Regarding industrial product prices, as of June 13, the Nanhua Industrial Product Price Index has continuously dropped by 7.2% compared to its peak at the end of March, and it is still running at a low level recently. The effects of the previous round of domestic demand-boosting policies have begun to fade, with many regions across the country experiencing a 'rollback' phenomenon in the old-for-new subsidy program. On June 9, the opinions on further guaranteeing and improving people's livelihoods and focusing on solving urgent and difficult issues, issued by the General Office of the Central Committee of the Communist Party of China and the General Office of the State Council, were made public. The release of such documents likely means that the thinking of boosting domestic demand is gradually evolving from simple consumer subsidies to broader areas such as strengthening social security, which is an extremely correct directional approach.

The public discourse around "anti-involution" has recently gained significant traction, and related industries may become very important clues for the second half of the year. It is believed that resolving these issues will not happen overnight, but as long as open discussions are formed and there is a consensus from top to bottom to solve these problems, new targeted policy enhancements will not be far behind.

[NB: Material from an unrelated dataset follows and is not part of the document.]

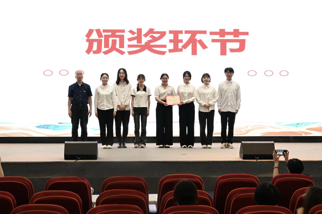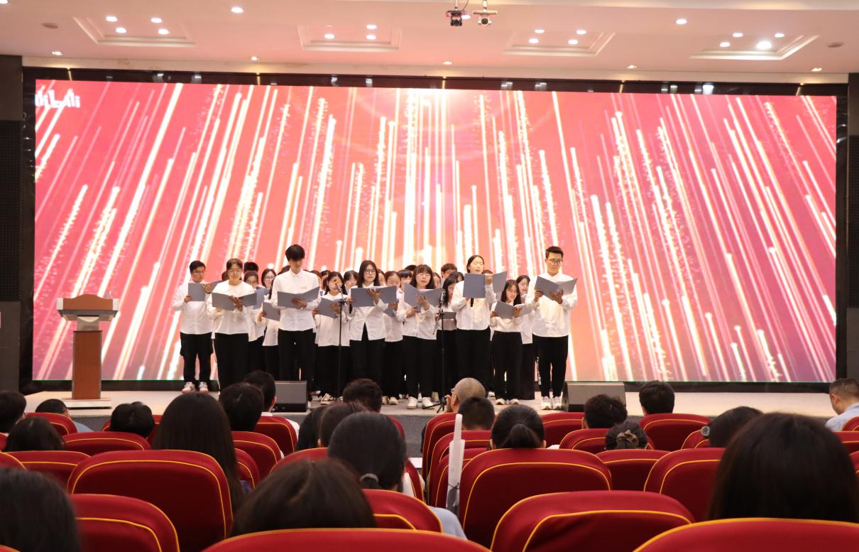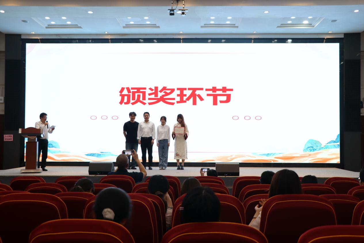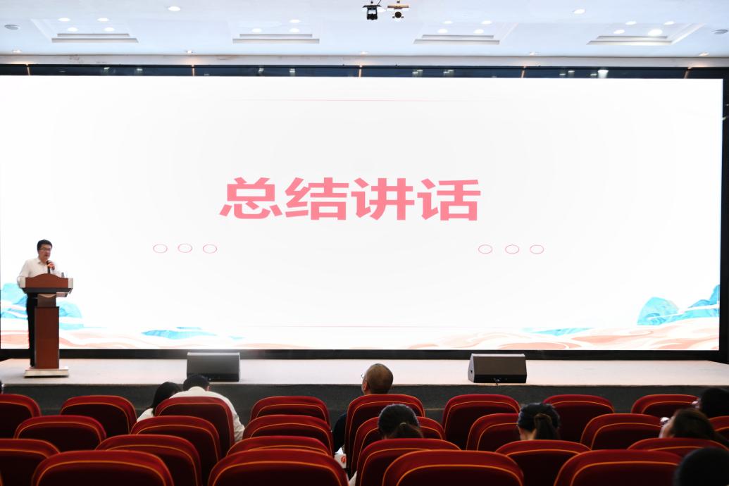 陈爱东作总结讲话。首先,他指出同学们通过朗诵、演绎、情景再现等创新形式展现了青春理想,倾诉了家国情怀,传递了奋斗精神。陈书记希望学院往后多开展此类有意义的活动并以习近平总书记关于阅读的论述作总结,希望同学们在往后的活动中继续展现青春风采,传承经典文化,提升文学素养。

Diminishing macro fluctuations, returning to industry trends, and being wary of micro volatility remain the core strategic ideas for the next phase.

It is recommended to focus more on the investment logic that returns to industry trends during the semi-annual report season from June to August, avoiding excessive reactions or trades based on macro information, while staying alert to micro style fluctuations. Specific allocation aspects:

1) In the A-shares, it is suggested to pay attention to the AI chain; the computing power supply chain (AI Servers, PCBs, ASIC chips, optical modules, Switches, computing power leasing, etc.) is worth focusing on; the application phase needs continuous tracking and observation, with clear trends in multimodal visual understanding applications. It is recommended to focus on ByteDance ecosystem companies and component and module companies that are growing alongside brand clients, with a focus on product categories such as AI glasses and AI toys.

2) The Hong Kong stocks have entered the bottom-up stock selection phase. Against the backdrop of geopolitical disruptions and sudden changes in environmental variables, Hong Kong stocks serve as a safe haven for global risk assets, and it is recommended to continue balancing the allocation between A-shares and Hong Kong stocks.

3) It is suggested to start paying attention to policy signals again, as a further general decline in price signals may trigger a new round of policy enhancements, but patience is needed.

Risk Factors

The friction in technology, trade, and finance between China and the United States has intensified; the strength and effectiveness of domestic policies, or economic recovery may fall short of expectations; macro liquidity both domestically and internationally may tighten more than expected; conflicts in the Russia-Ukraine and Middle East regions may escalate further; the digestion of real estate inventory in China is not as expected; and the focus of Trump’s policies exceeds expectations.

Editor/rice

The translation is provided by third-party software.